07-19-2004, 06:22 PM
Aframes are a thing of the past huh? I put rollers on the one at the shop. You can lift a car on it. Much more stable than a cherry picker. Perhaps I should post pictures. ours knocks down quick with pulling pins..

It'll straddle a trailer, has a 2 ton chainfall on it. I am scared of it outside on dirt thou.

I had my cherry picker took apart, the boom installed on the front bumper of the old chevy 4x4 here, no other bracind, it would lift 500+ pounds. Any more then that and the rear wheels look light.
I'd never try to lift something as heavy as a mill/lathe with a rig like that thou.

I am gathering parts to install a boom onto my new aqquired HSM truck.


[This message has been edited by ibewgypsie (edited 07-19-2004).]

07-19-2004, 06:48 PM
Actually I debated about building an A frame.

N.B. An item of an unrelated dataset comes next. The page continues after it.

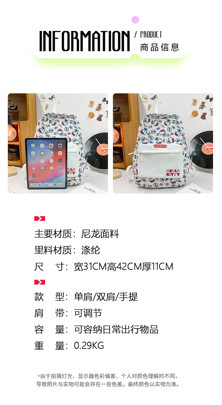 여자 귀여운 KT 고양이 중학교 여중생 배낭 대용량 스쿨백 초등학생 스쿨백 경량 학생 배낭
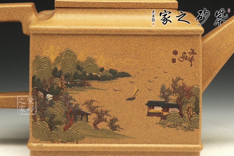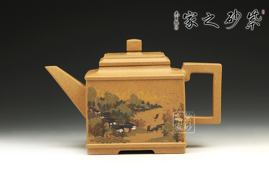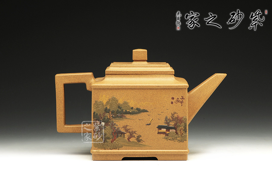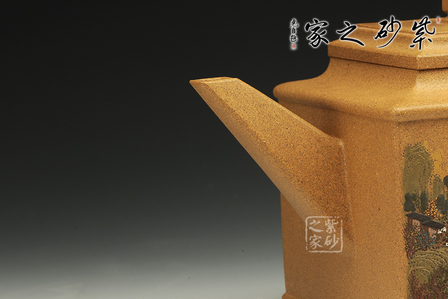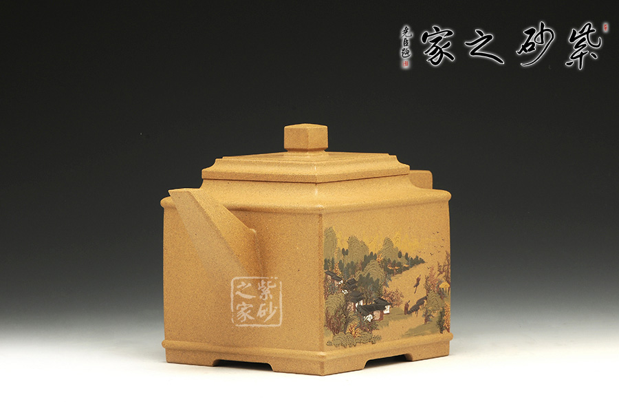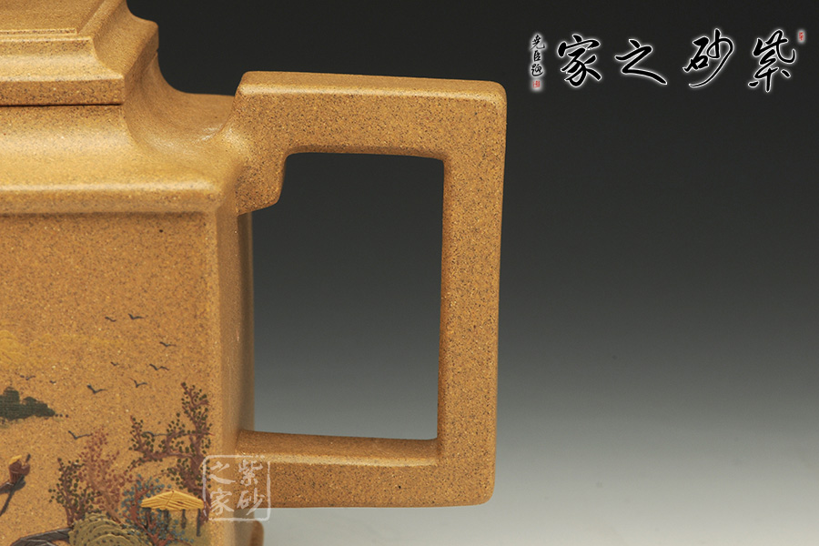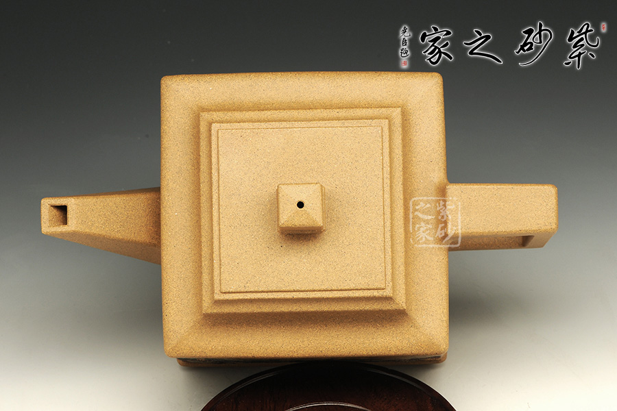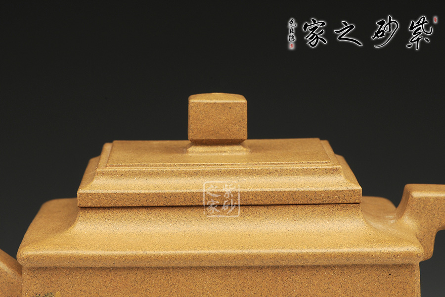 壺身為正四方型,四面皆平整光滑,棱角線條筆直如刀切。四足平整,一條線將下部分隔開(kāi)來(lái),工整的美感更突出。肩部寬闊水平,壓蓋為分層設(shè)計(jì),工整的線條逐級(jí)抬升,至壺鈕部位成一顆方型珠,恰好與壺身造型大小對(duì)應(yīng)。壺把四方外觀,盡顯干練,壺嘴粗細(xì)過(guò)渡中有爽利的氣勢(shì)。

There is pipe sitting on the trailer that could have been used. One of my concerns was storing afterwards.
I know this much, we move next year like the wife wants, I will have an A frame or a fork lift to load and unload both machines.

07-19-2004, 06:58 PM
Nice mill,kinda scary truck ramps though http://bbs.homeshopmachinist.net//eek.gif

Yep,I have to build me another A-frame,everytime I load out at an auction where there is no forklift somebody offers to buy it,and after I'm loaded if their offer is good I sell it http://bbs.homeshopmachinist.net//biggrin.gif

Last one I made was in five peices,one 2x2x3/16"square tube crossmember and four 2x2x11ga legs,picks up 2ton no sweat.The next will be built with longer legs and a deeper truss strap.Kinda handy being able to hand carry something that will lift 2tons safely into a building through a 7'door.

[This message has been edited by wierdscience (edited 07-19-2004).]

07-19-2004, 06:59 PM

This aframe is 3" heavy wall with bracing. I would have to look to see what it is really rated to lift. The legs are much thinner tubing.
I have lifted a small truck with it, a 39 ford with no ill results.

I think the span strength is really important to consider. The one that sold at the auction Saturday would lift 2 tons, but it was Ibeam on the top. It sold for $500. ANy HSM should be able to build one for that.


07-19-2004, 07:01 PM

It'd do US good to post pictures.. that sounds a lot lighter then the one we have..

I keep getting hurt moving heavy items. I am building a real ramp trailer, the aframe we have is a two man ordeal.


JPR: How about putting some rings on the bottom and calling it a heavy swing-set?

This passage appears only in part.